You might want to elaborate on the "etc.", since HTML updates are glacial.

 help



The HTML "Living Standard" is constantly updated [1-6].

The PNG spec [7] has been updated several times in 1996, 1998, 1999, and 2025.

The XPath spec [8] has multiple versions: 1.0 (1999), 2.0 (2007), 3.0 (2014), and 3.1 (2017), with 4.0 in development.

The RDF spec [9] has multiple versions: 1.0 (2004), and 1.1 (2014). Plus the related specs and their associated versions.

The schema.org metadata standard [10] is under active development and is currently on version 30.

[1] https://developer.mozilla.org/en-US/docs/Web/HTML/Reference/... (New)

[2] https://web.dev/baseline/2025 -- popover API, plain text content editable, etc.

[3] https://web.dev/baseline/2024 -- exclusive accordions, declarative shadow root DOM

[4] https://web.dev/baseline/2023 -- inert attribute, lazy loading iframes

[5] https://developer.mozilla.org/en-US/docs/Web/HTML/Reference/... (Baseline 2023)

[6] https://developer.mozilla.org/en-US/docs/Web/HTML/Reference/... (2020)

[7] https://en.wikipedia.org/wiki/PNG

[8] https://en.wikipedia.org/wiki/XPath

[9] https://en.wikipedia.org/wiki/Resource_Description_Framework

[10] https://schema.org/


please! nobody uses Xpath (coz json killed XML), it RDF (semantic web never happened, and one ever 10years is not fast), schema.org (again, nobody cares), PNG: no change in the last 26 years, not fast. the HTML "living standard" :D completely optional and hence not a standard but definition.

Xpath is still used for e2e tests and things like scraping. Especially when there aren't better selectors available.

The point is that you don't need the very latest version. The 20 years old version is enough.

XPath 1.0 is a pain to write queries for. XPath 2.0 adds features that make it easier to write queries. XPath 3.1 adds support for maps, arrays, and JSON.

And the default Python XPath support is severely limited, not even a full 1.0 implementation. You can't use the Python XPath support to do things like `element[contains(@attribute, 'value')]` so you need to include an external library to implement XPath.


Its used plenty in legacy systems that are still around.

XPath is used in processing XML (JATS and other publishing/standards XML files) and can be used to proces HTML content.

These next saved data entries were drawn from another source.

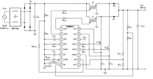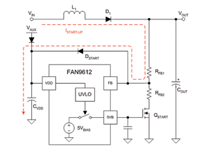 除了閉環(huán)軟啟動(dòng)工作模式之外,F(xiàn)AN9612還具有通過(guò)VOUT電阻分壓器網(wǎng)絡(luò)直接啟動(dòng)的可選功能。對(duì)于沒(méi)有足夠的輔助偏置電源電壓或待機(jī)電源的應(yīng)用,啟動(dòng)任何高電壓IC都必須對(duì)VDD電容進(jìn)行充電,直到電壓達(dá)到控制IC欠壓鎖定(UVLO)導(dǎo)通閾值為止。這一般需要額外的電路,因而會(huì)增加功耗及降低效率。有些設(shè)計(jì)人員會(huì)采用這種方法:當(dāng)通過(guò)自舉偏置(bootstrap bia)電源對(duì)PFC控制IC進(jìn)行供電時(shí),關(guān)斷啟動(dòng)電路。雖然這種方案有助于降低功耗,但往往需要高側(cè)開(kāi)關(guān)和驅(qū)動(dòng)電路,從而增加外部組件的數(shù)目。FAN9612經(jīng)特別設(shè)計(jì),無(wú)須外部啟動(dòng)電阻即可啟動(dòng)。在FB和VDD之間增加一個(gè)小信號(hào)二極管DSTART即可提供一條經(jīng)過(guò)RFB1的電流路徑,見(jiàn)圖2中的紅色虛線。一旦內(nèi)部5V參考電壓有輸出,小信號(hào)MOSFET QSTART就被開(kāi)通,電阻反饋網(wǎng)絡(luò)即從啟動(dòng)功能中解脫出來(lái)。另外也可以根據(jù)情況,忽略DSTART和QSTART,采用傳統(tǒng)的啟動(dòng)方法。
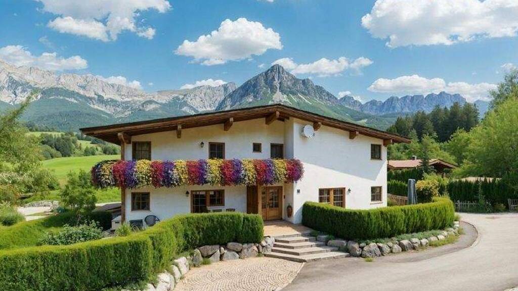 Ellmau am Wilden Kaiser - Eine Urlaubsidylle in den Tiroler Alpen. Die Gemeinde Ellmau liegt malerisch eingebettet zwischen dem imposanten Kalkmassiv des Wilden Kaisers im Norden und dem Hartkaiser im Süden auf 820 Metern Höhe, direkt am Fuße des Naturschutzgebiets Wilder Kaiser, nur etwa 15 Kilometer von Kitzbühel entfernt. Der charmante Tiroler Ort zählt sowohl zu den begehrtesten Sommer- als auch Wintersportdestinationen der Region. Ein Highlight für Golfliebhaber ist der 27-Loch-Golfplatz mit atemberaubendem Alpenpanorama. Für Familien und Aktivurlauber bietet das große Erlebnisschwimmbad Abwechslung und Erholung. Die Standseilbahn führt direkt auf den Hartkaiser und verbindet Ellmau mit der Skiwelt Wilder Kaiser - Brixental, einem der größten zusammenhängenden Skigebiete Österreichs: 279 perfekt präparierte Pistenkilometer, davon über 180 km beschneibar, 90 moderne Bahnen und Lifte sowie über 70 urige Hütten und Bergrestaurants garantieren Wintersportvergnügen auf höchstem Niveau. Ellmau verfügt über eine ausgezeichnete Infrastruktur. Zahlreiche Einkaufsmöglichkeiten für den täglichen Bedarf sowie eine große Auswahl an Gastronomiebetrieben - von der gemütlichen Tiroler Stube bis zum gehobenen Restaurant - runden das Angebot ab.
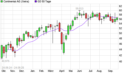 Mit dem Anstieg auf 56,92 EUR hat die Continental-Aktie am 23.09.2025 die 50-Tage-Linie nach oben gekreuzt.Die Continental-Aktie befindet sich seit dem 18.09.2025 im langfristigen Aufwärtstrend ...weiterlesen
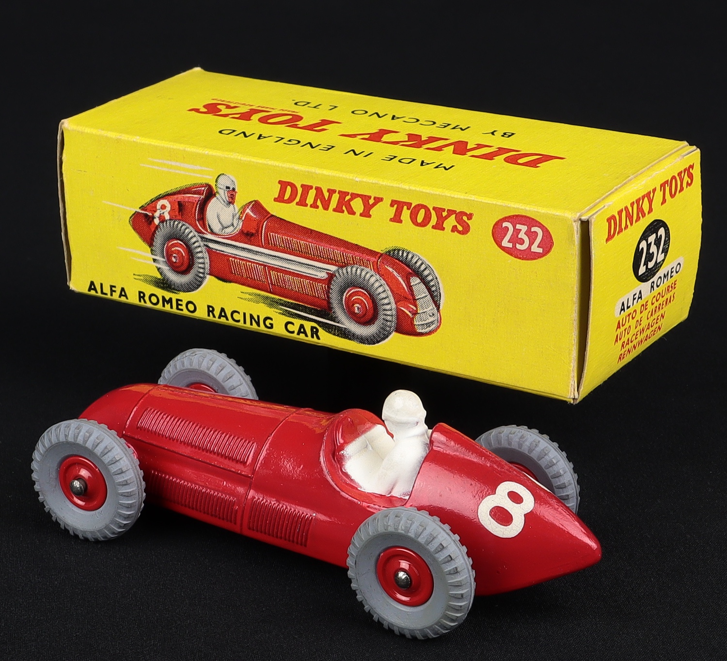 Alfa Romeo Racing Car by Dinky Toys, No. 232. Very, very near mint/boxed. Rare with RED PLASTIC WHEELS. Gloss base. From The esteemed Spa-Francorchamps Collection. QDT starting bid £250. Please note that QDT apply 12.5% buyer's commission.
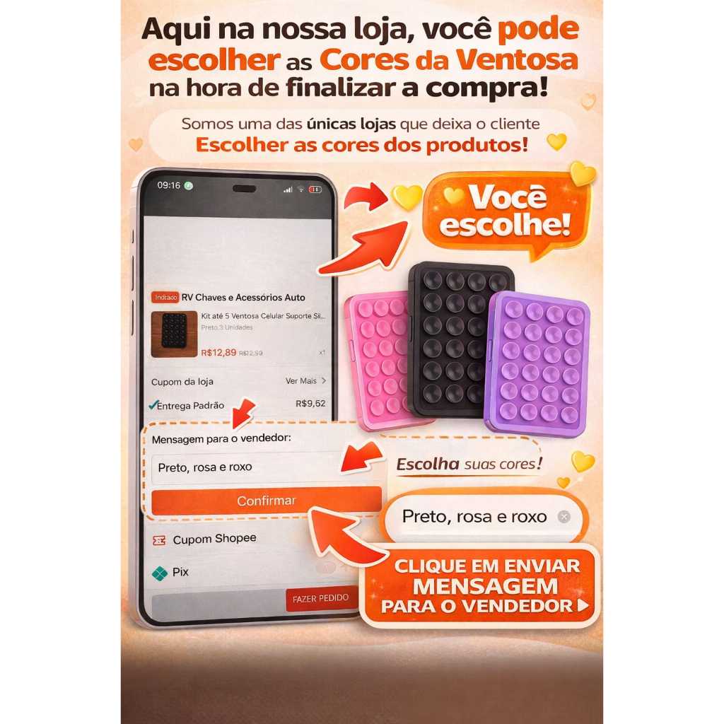 Kit Ventosas Celular Suporte Silicone Premium Capinha para Superfícies Lisas
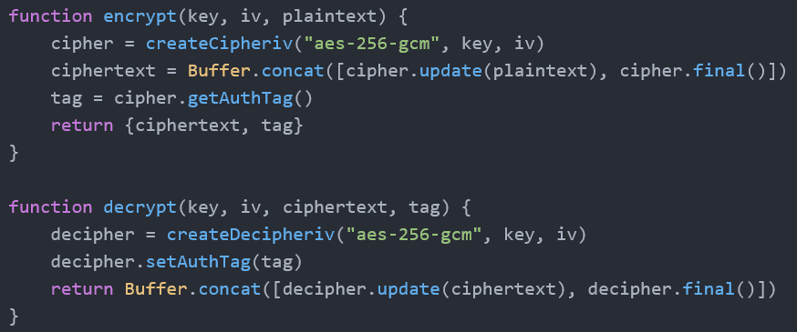 iv = input.slice(0, 12) auth = input.slice(12, 28) ciphertext = input.slice(28) plaintext = decrypt(key, iv, auth, ciphertext)
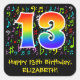 Adesivo Quadrado 13 Aniversário: Símbolos Musicais Coloridos, Rainb
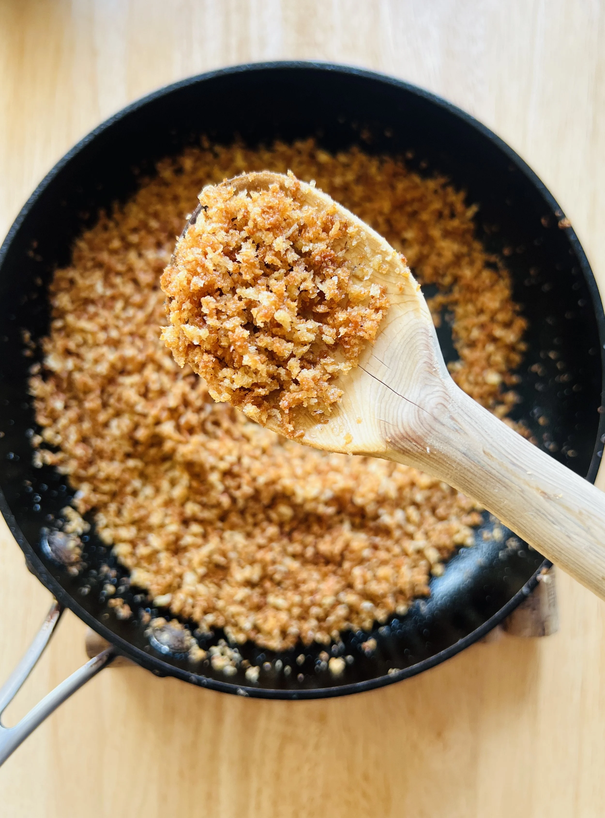 Sprinkle bread crumbs over the top before serving. For an extra nice moment, grate some fresh Parmesan cheese over top!
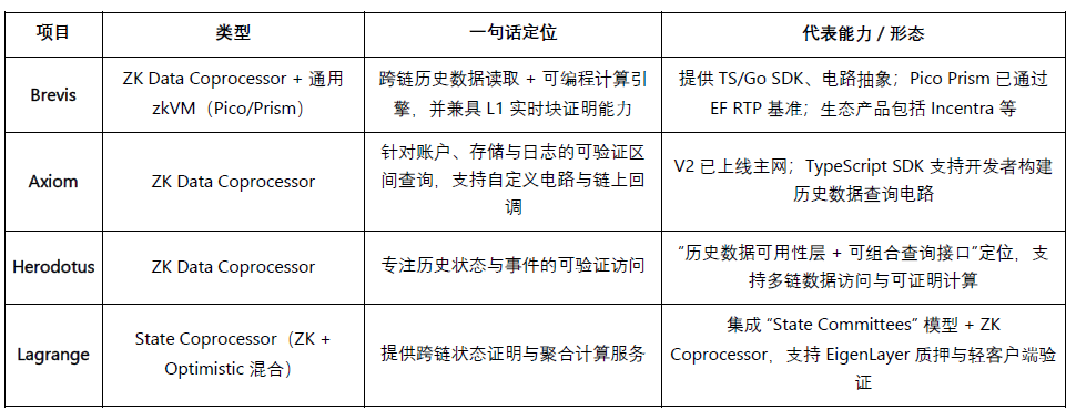 当前 zk-Coprocessor 赛道已形成以 Brevis、Axiom、Herodotus、Lagrange 为代表的格局。 其中 Brevis 以「ZK 数据协处理器 + 通用 zkVM」融合架构领先,兼具历史数据读取、可编程计算与 L1 RTP 能力;Axiom 聚焦可验证查询与电路回调;Herodotus 专注历史状态访问;Lagrange 以 ZK+Optimistic 混合架构优化跨链计算性能。 整体来看,zk-Coprocessor 正以“可验证服务层”的方式成为连接 DeFi、RWA、AI、身份 等应用的可信计算接口。

RDF and the related standards are still used in some areas. If the "Batteries Included" standard library ignores these then those standards will need an external library to support them.

Schema.org is used by Google and other search engines to describe content on the page such as breadcrumbs, publications, paywalled content, cinema screenings, etc. If you are generating websites then you need to produce schema.org metadata to improve the SEO.

Did you notice that a new PNG standard was released in 2025 (last year, with a working draft in 2022) adding support for APNG, HDR, and Exif metadata? Yes, it hasn't changed frequently, but it does change. So if you have PNG support in the standard library you need to update it to support those changes.

And if HTML support is optional then you will need an external library to support it. Hence a "Batteries Included" standard library being incomplete.


glaciers change faster than HTML

because there is more human effort

Oof, I honestly hadn't considered that.